_YOUR OBJECTIVE_:
The expected output is every line of the data exactly as shown, minus the images.

_DATA EXTRACT_:
=-=-=-=-=

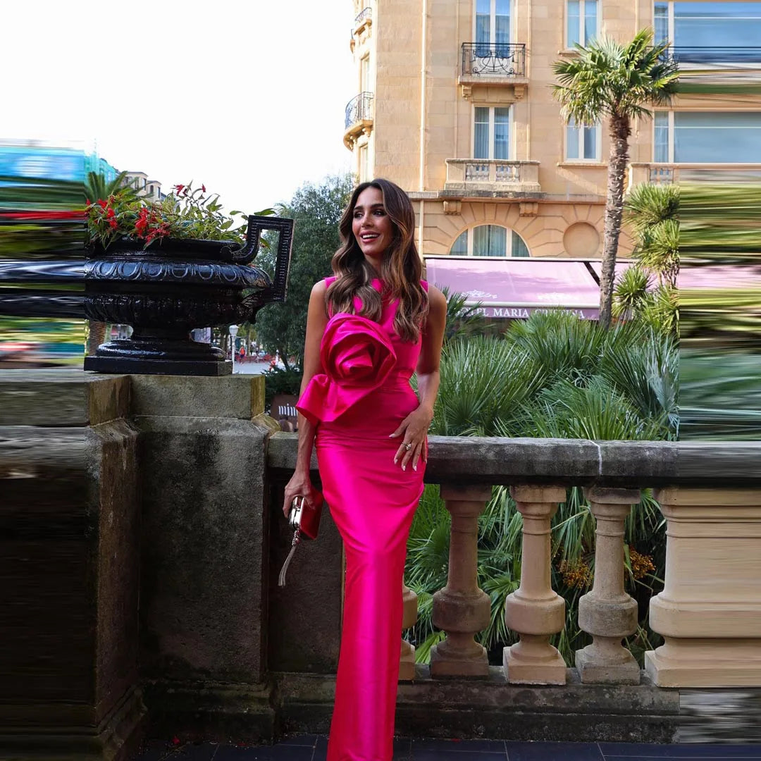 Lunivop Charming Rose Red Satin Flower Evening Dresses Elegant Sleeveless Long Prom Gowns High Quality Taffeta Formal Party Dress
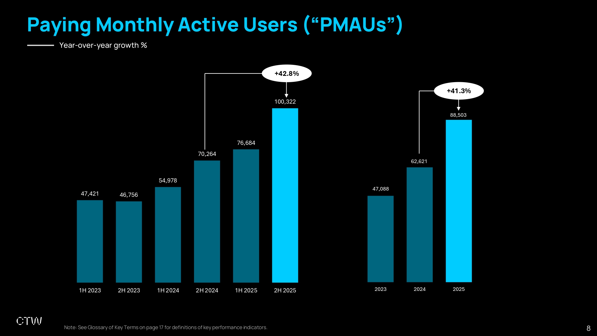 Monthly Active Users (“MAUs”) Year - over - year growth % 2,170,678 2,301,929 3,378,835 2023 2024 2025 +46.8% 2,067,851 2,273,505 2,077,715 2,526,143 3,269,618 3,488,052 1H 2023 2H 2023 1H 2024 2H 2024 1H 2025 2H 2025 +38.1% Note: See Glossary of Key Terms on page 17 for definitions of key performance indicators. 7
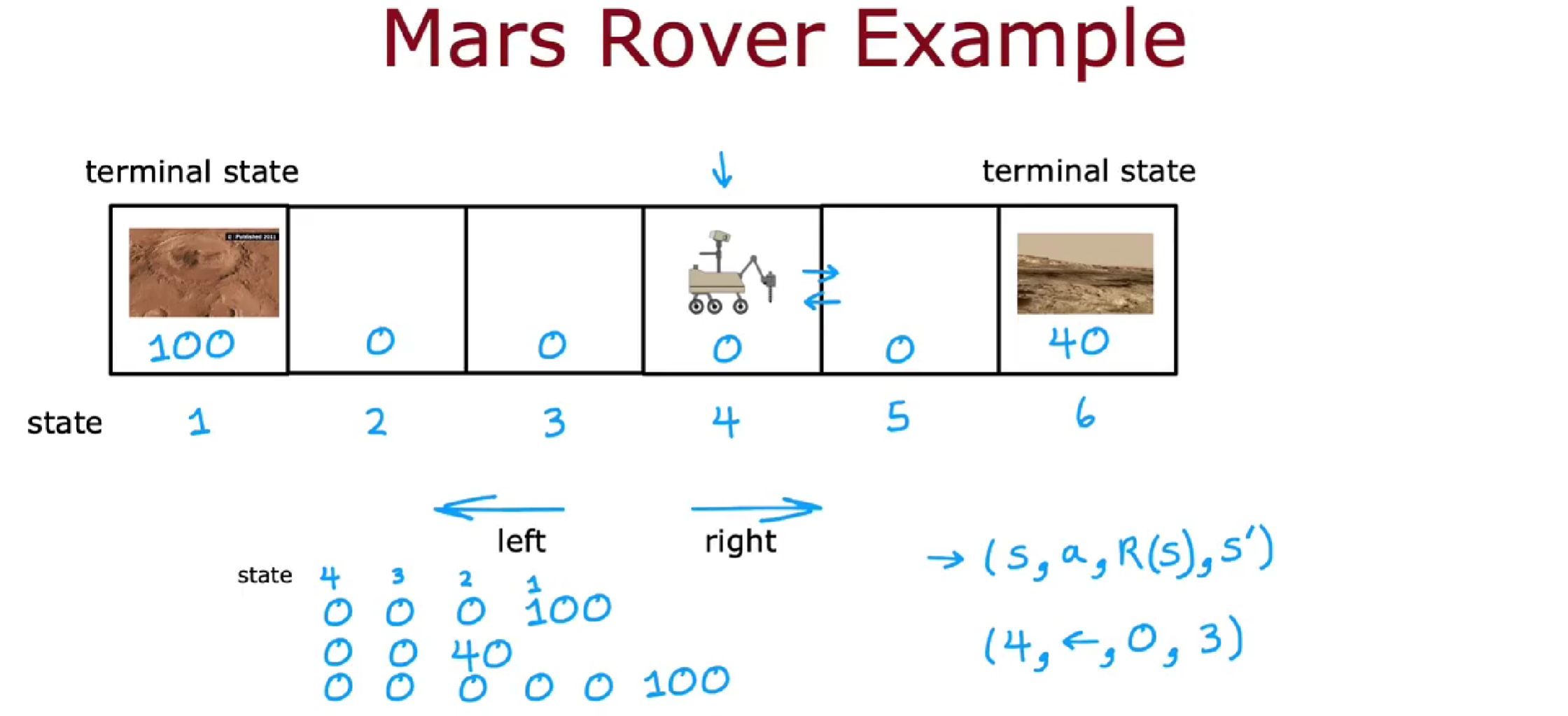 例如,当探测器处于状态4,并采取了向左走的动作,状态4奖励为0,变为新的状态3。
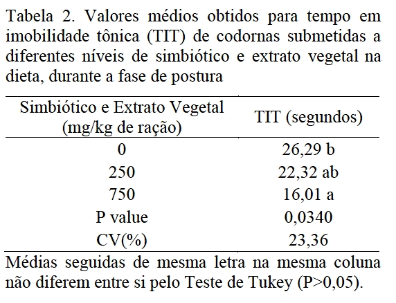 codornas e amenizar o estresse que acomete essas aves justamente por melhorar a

=-=-=-=-=

_EXPECTED ANSWER_:
 Lunivop Charming Rose Red Satin Flower Evening Dresses Elegant Sleeveless Long Prom Gowns High Quality Taffeta Formal Party Dress
 Monthly Active Users (“MAUs”) Year - over - year growth % 2,170,678 2,301,929 3,378,835 2023 2024 2025 +46.8% 2,067,851 2,273,505 2,077,715 2,526,143 3,269,618 3,488,052 1H 2023 2H 2023 1H 2024 2H 2024 1H 2025 2H 2025 +38.1% Note: See Glossary of Key Terms on page 17 for definitions of key performance indicators. 7
 例如,当探测器处于状态4,并采取了向左走的动作,状态4奖励为0,变为新的状态3。
 codornas e amenizar o estresse que acomete essas aves justamente por melhorar a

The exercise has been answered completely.